Second question - I start using elegant at ~35 MeV. I'm starting to suspect that using the RFCW element will not cut the mustard for any part of our machine. Should I be using the TWLA element instead? If so, am I able to include wakes and LSC?

Third question - I'm confused about how one should define the gradients. In a RFCW I specify the peak voltage on crest, right. So if my peak gradient is 20MV/m and my structure is 4m long then VOLT = 20e6 * 4. And if I track a particle through on crest it will gain ~80 MeV. The actual peak electric field in the center of a cell will be ~ double the peak voltage i.e. 40 MV/m - integrating over the waveform in a pi-mode structure gives a factor of ~1/2. But in a TWLA element i specify the electric field EZ and in order to check the actual gain in energy of a particle on crest i need to multiply by the equivalent factor for a 2pi/3 structure.

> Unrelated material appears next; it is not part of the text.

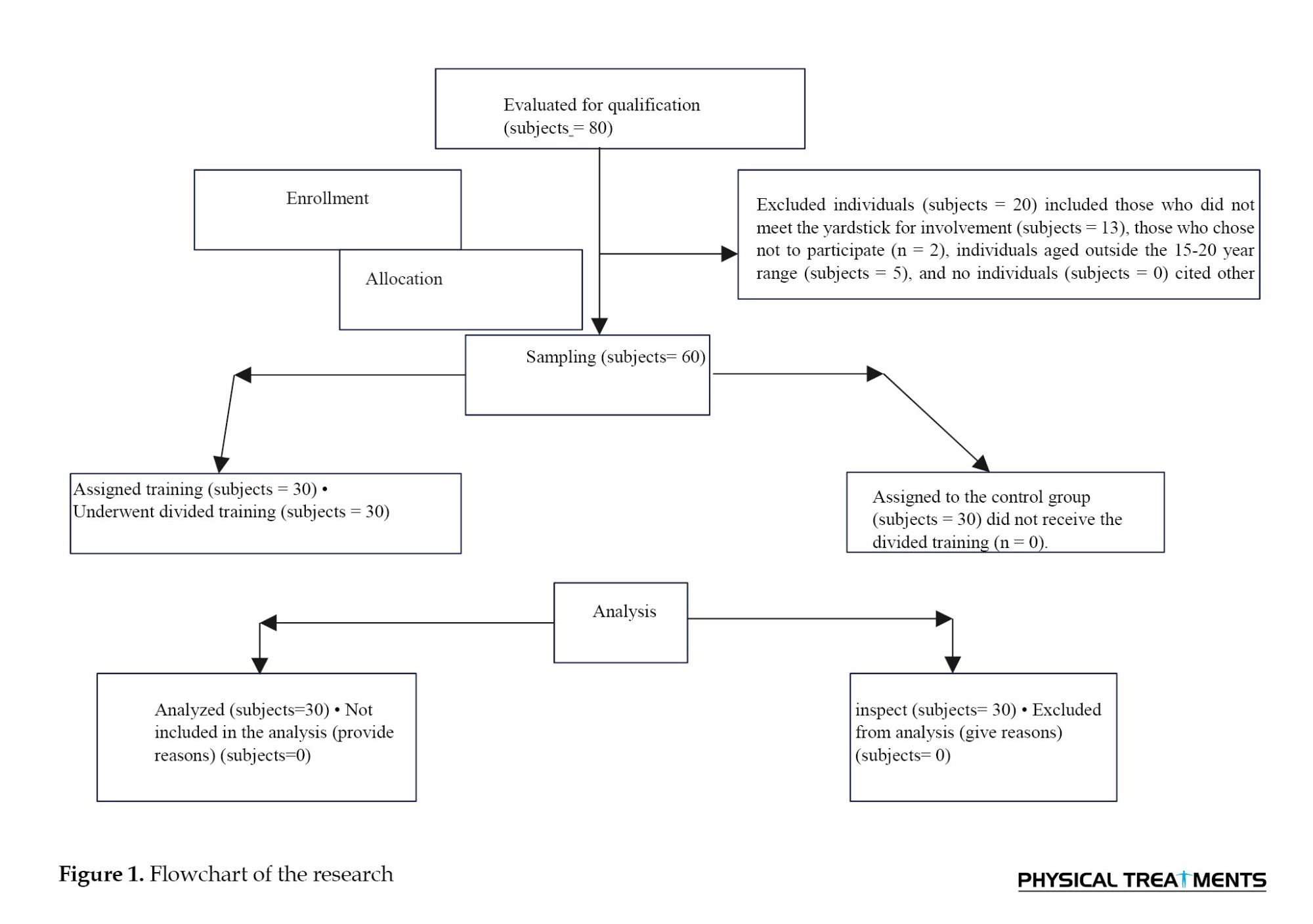A randomized controlled trial (RCT) was conducted, and ethical clearance was obtained from the Ethics Committee of Hormozgan University of Medical Sciences. Initially, 80 participants were recruited from a university physical therapy clinic that serves clients from the surrounding community. The yardstick for involvement is among 15- to 20-year-olds, having a body mass index (BMI) of 20-25 kg/m², a forward shoulder angle (FSA) exceeding 52°, and an FHA greater than 46°, with these angles measured through photogrammetry (Figure 1). Subjects were omitted if they had a chronicle of cervical spine or back surgery, exhibited neurological symptoms, suffered from atrophic arthritis impacting the neck or back, were currently taking muscle relaxants, engaged in regular physical activity each week, or were professional athletes [26], non-completion of the training program according to the research, lack of willingness of participants to continue participating in the research, non-participation of the participants in two consecutive training sessions, injury during the execution of the exercises [27, 28]. Next, applying the yardstick for involvement and elimination, an expert in physical therapy selected 60 participants. The sample size was established based on preliminary analysis utilizing G*Power software, with the FHA score serving as the primary outcome variable. (Figure 1). Assessments were performed at the beginning of the research and again after 8 weeks at the university’s physical therapy clinic. Following the initial assessment, participants were allocated to one of two groups: Group 1 (CE) and Group 2 (Control). Group 1 underwent a supervised intervention for 8 weeks, while the control group carried out their daily activities. Randomization was implemented using a computerized random number generator. The allocation sequence was kept hidden from the researcher responsible for enrolling and evaluating participants using sequentially numbered, opaque, sealed envelopes. Participants were partially blinded, as they did not know the expected diversity among the groups, but were aware of the treatment they were receiving.
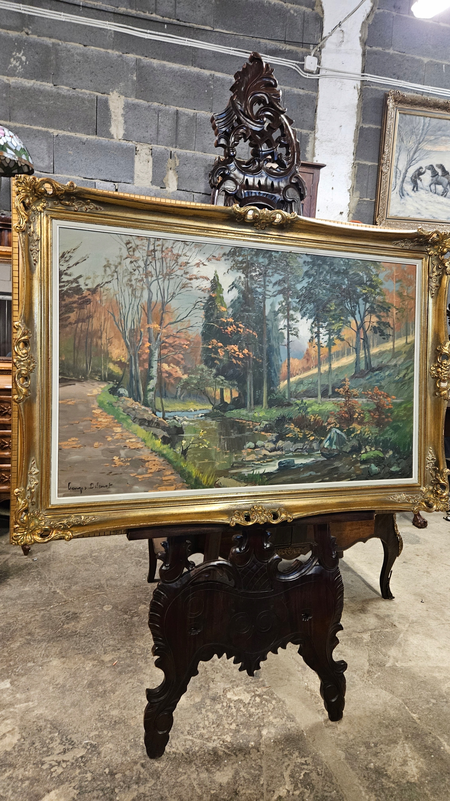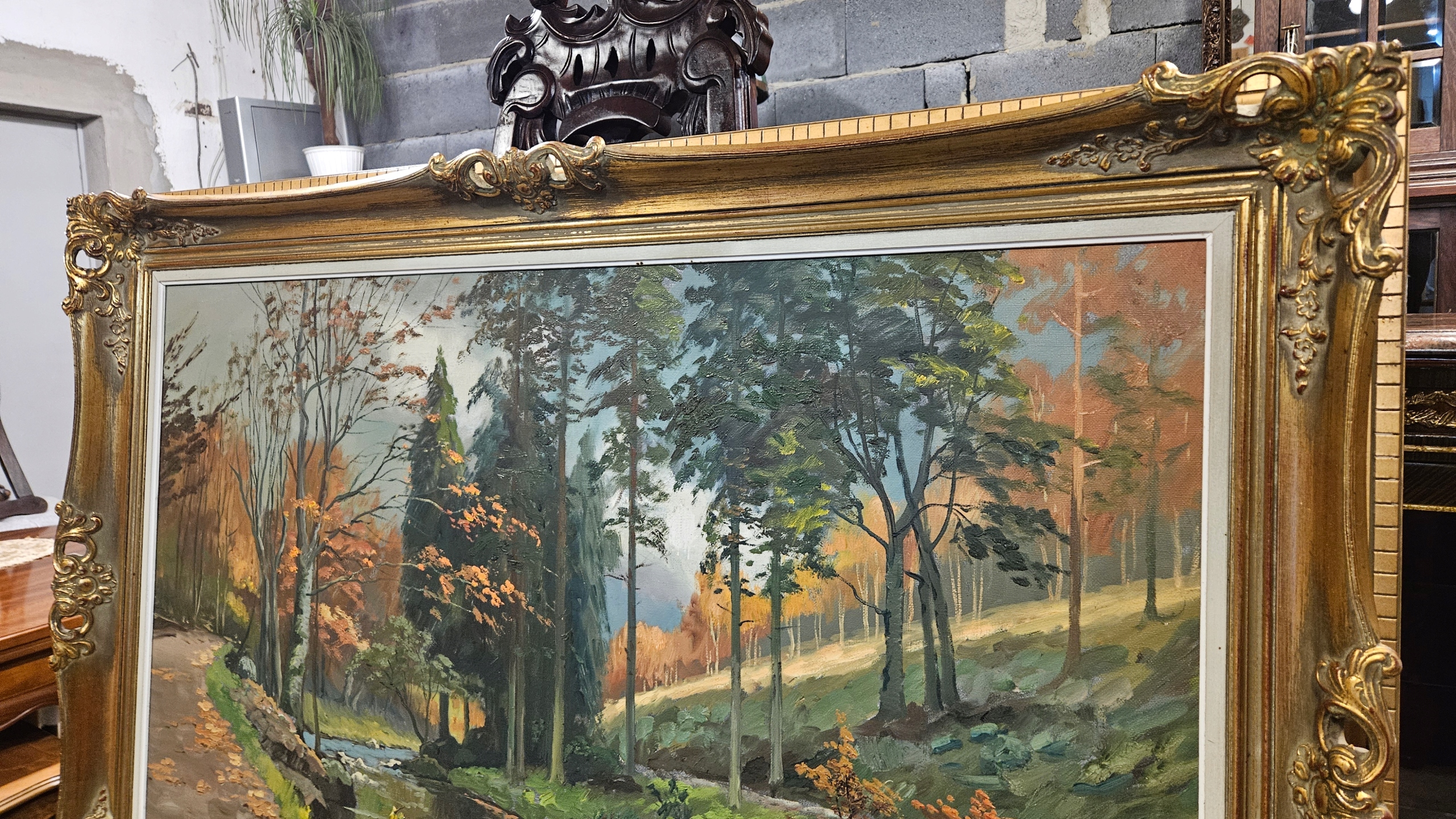 Stary Piękny Obraz Bardzo B. Duży malowany ,,las ,,

Fourth question - focussing. In RFCW, you use the SRS standing wave model. What does focussing do in TWLA? Is this something to do with the fact that RFCW is first order matrix, but TWLA integrated?

Fifth question (sorry!) - The structures we may be getting are constant gradient, rather than constant impedance so the iris decreases through the structure. Is this what TWLA assumes?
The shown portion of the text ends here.